** WHAT IS EXPECTED **
The exact lines of the listing, from its first through the line that contains "Теплая мужская женская", are to make up the answer, and pictures are to be left out.

** RECORDED INFORMATION **

BEGIN

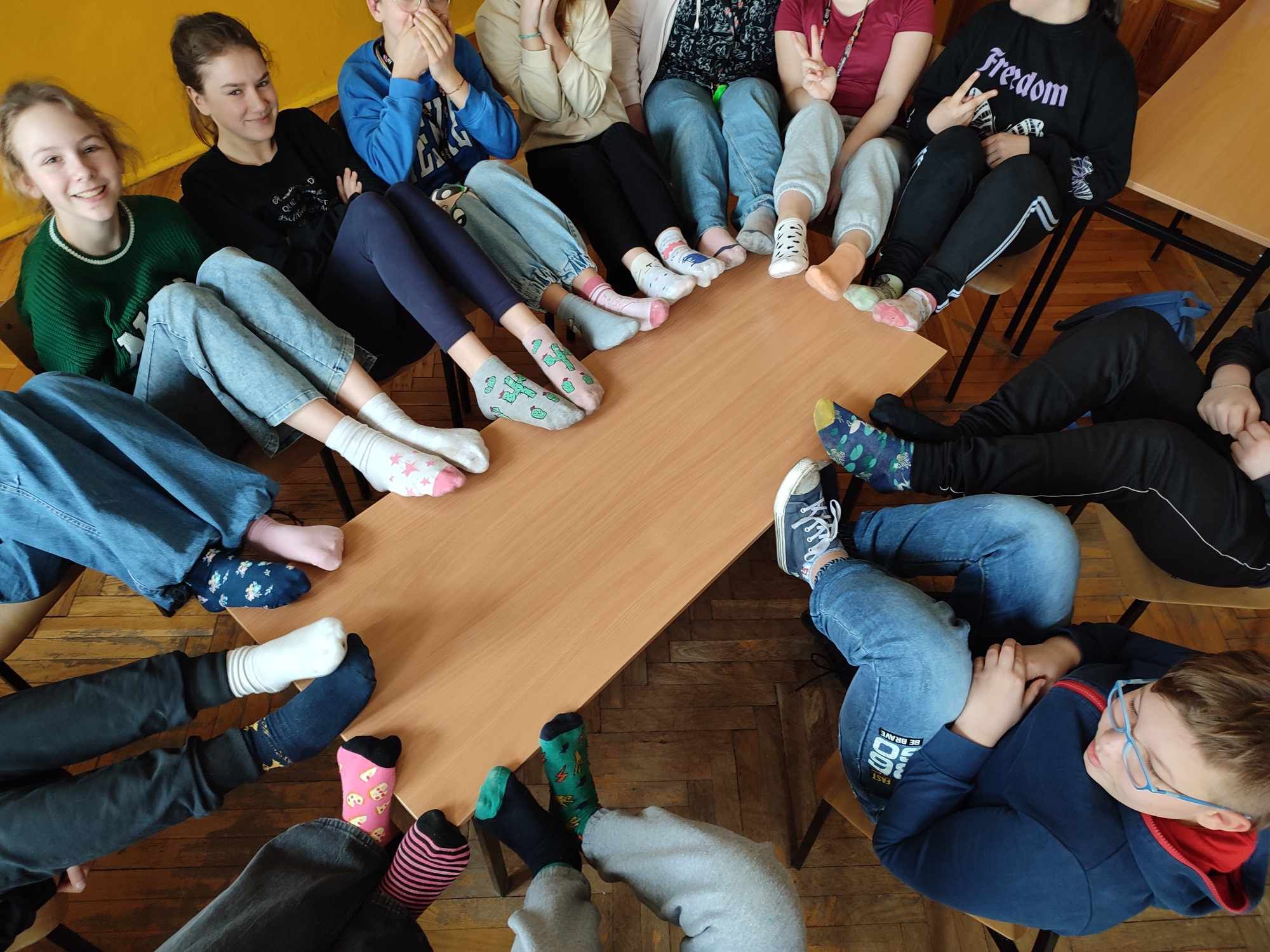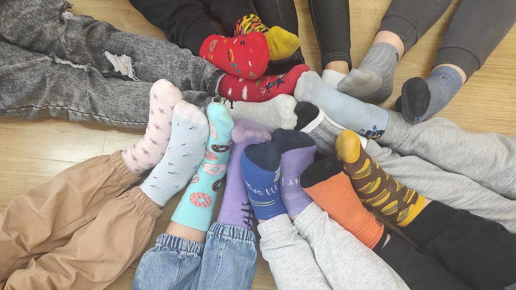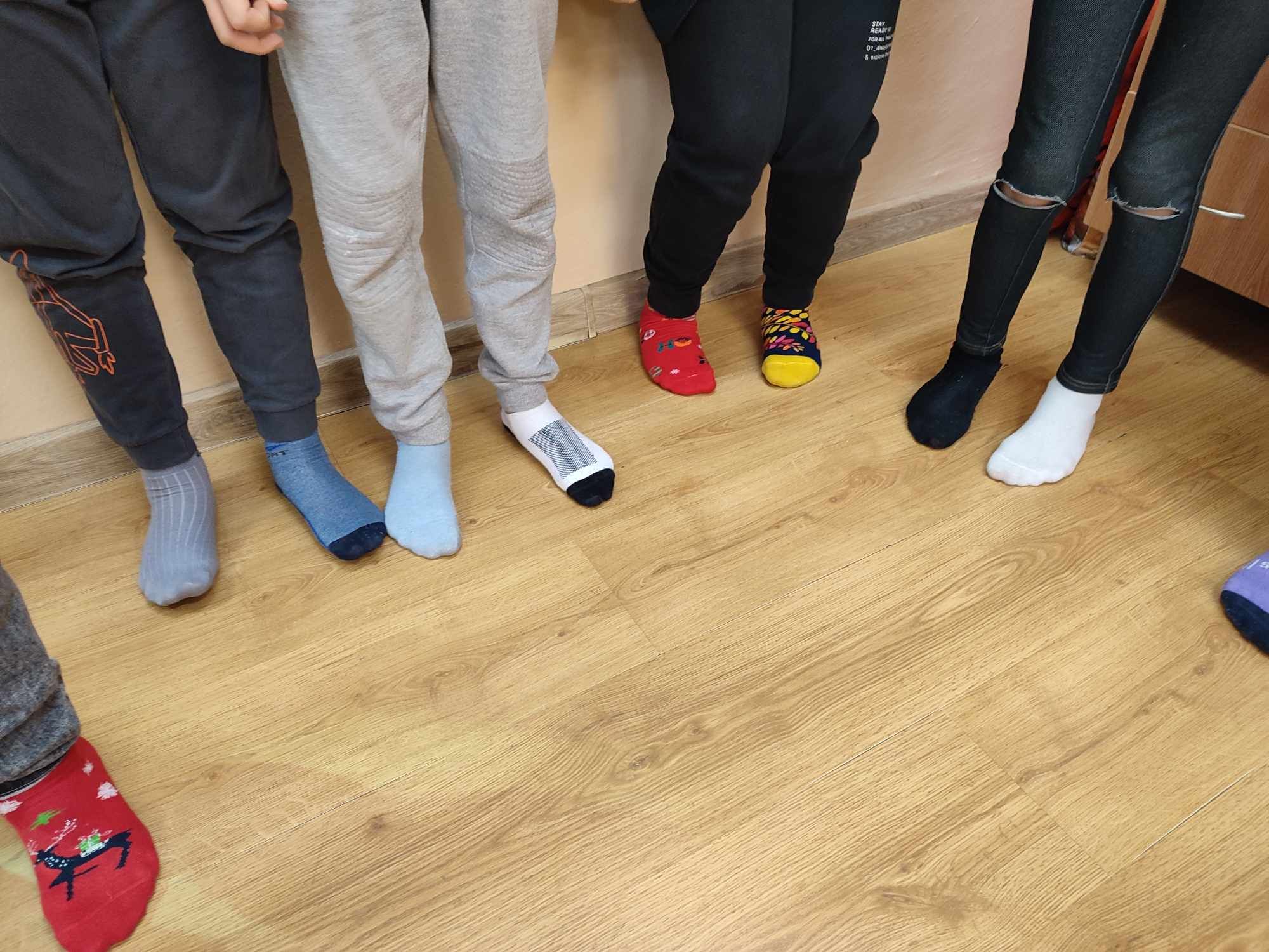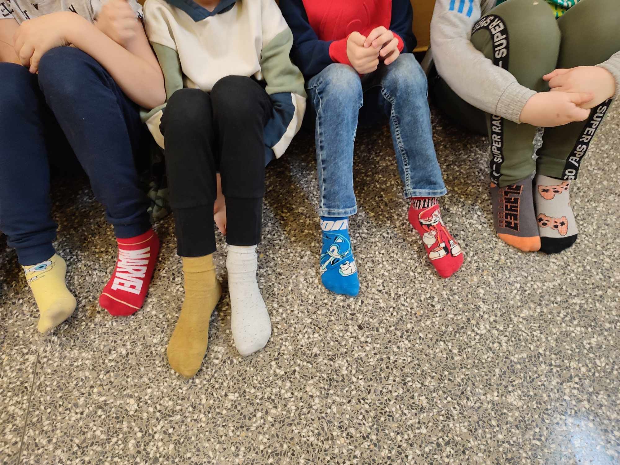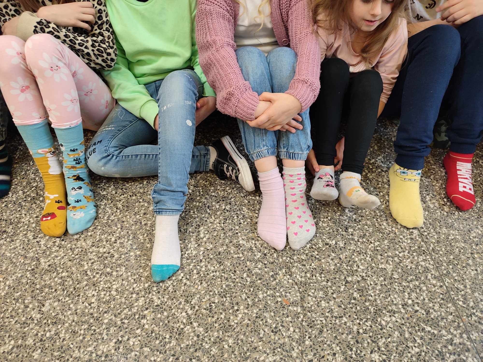 W Dniu Osób z Zespołem Downa uczniowie i pracownicy w geście solidarności założyli kolorowe skarpetki. Na różnych lekcjach ,zajęciach rozmawialiśmy na ten temat. Mogliśmy przyjrzeć się specyficznym cechom Zespołu Downa. Oglądaliśmy prezentacje, gazetki na korytarzach, projektowaliśmy kolorowe skarpetki. Wszystko utrwaliliśmy na zdjęciach
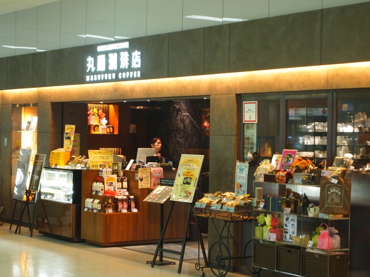 丸福珈琲店は第1ターミナルの1階到着ロビーにあります。
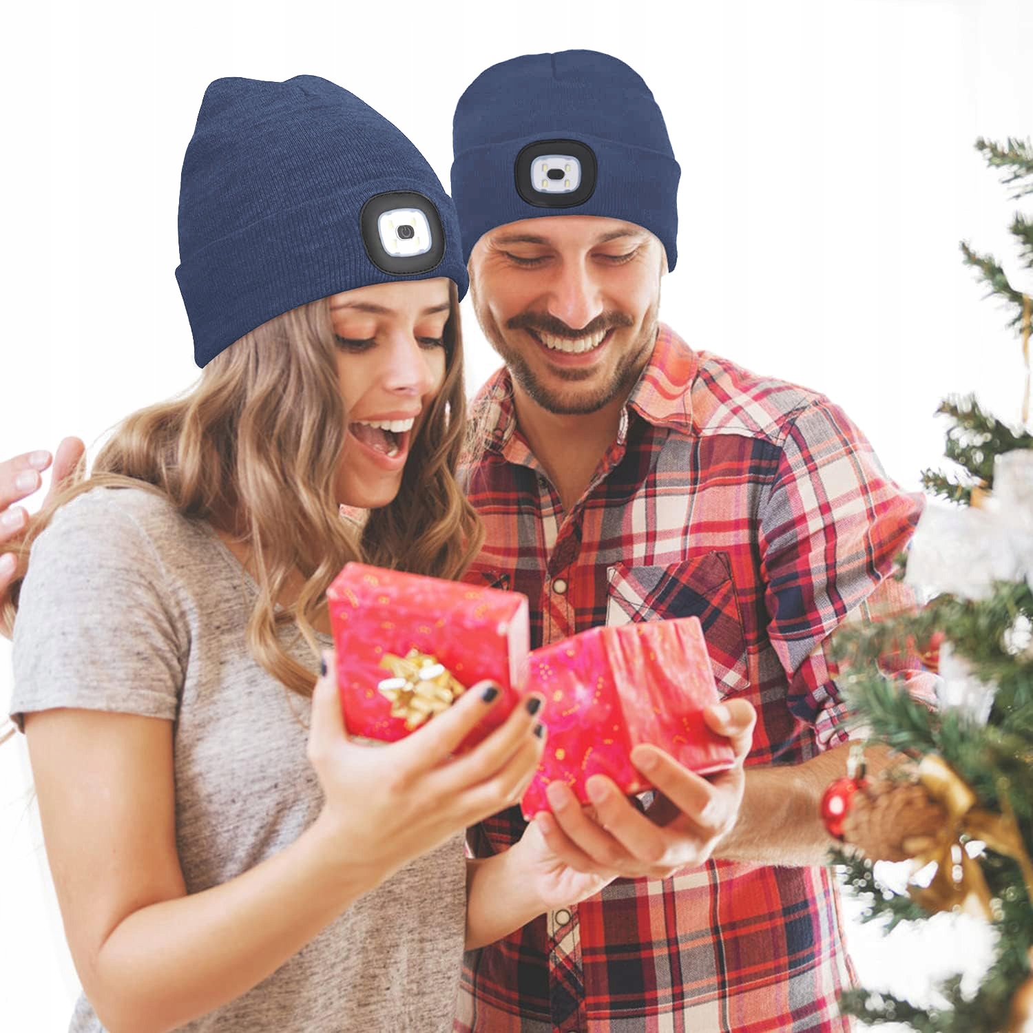 Теплая мужская женская зимняя шапка, темно-синяя, со светодиодным фонариком, зарядкой через USB
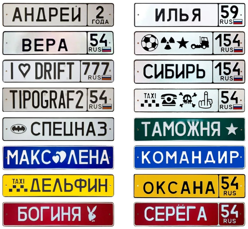 На дорогах России нередко можно встретить машины, на которых закреплены два госзнака. Поначалу кажется, что их габариты и внешний вид не представляют ничего особенного, но если посмотреть внимательно, то содержание второго знака оказывается совсем не стандартным. Как правило, автомобилисты заказывают подобные номера со своими именами или прозвищами. И тогда, вместо обычных буквенно-цифровых обозначений, на них может быть написано «Диман», «Петрович», «Машенька» и т.п.

END

** FINISHED EXERCISE **
 W Dniu Osób z Zespołem Downa uczniowie i pracownicy w geście solidarności założyli kolorowe skarpetki. Na różnych lekcjach ,zajęciach rozmawialiśmy na ten temat. Mogliśmy przyjrzeć się specyficznym cechom Zespołu Downa. Oglądaliśmy prezentacje, gazetki na korytarzach, projektowaliśmy kolorowe skarpetki. Wszystko utrwaliliśmy na zdjęciach
 丸福珈琲店は第1ターミナルの1階到着ロビーにあります。
 Теплая мужская женская зимняя шапка, темно-синяя, со светодиодным фонариком, зарядкой через USB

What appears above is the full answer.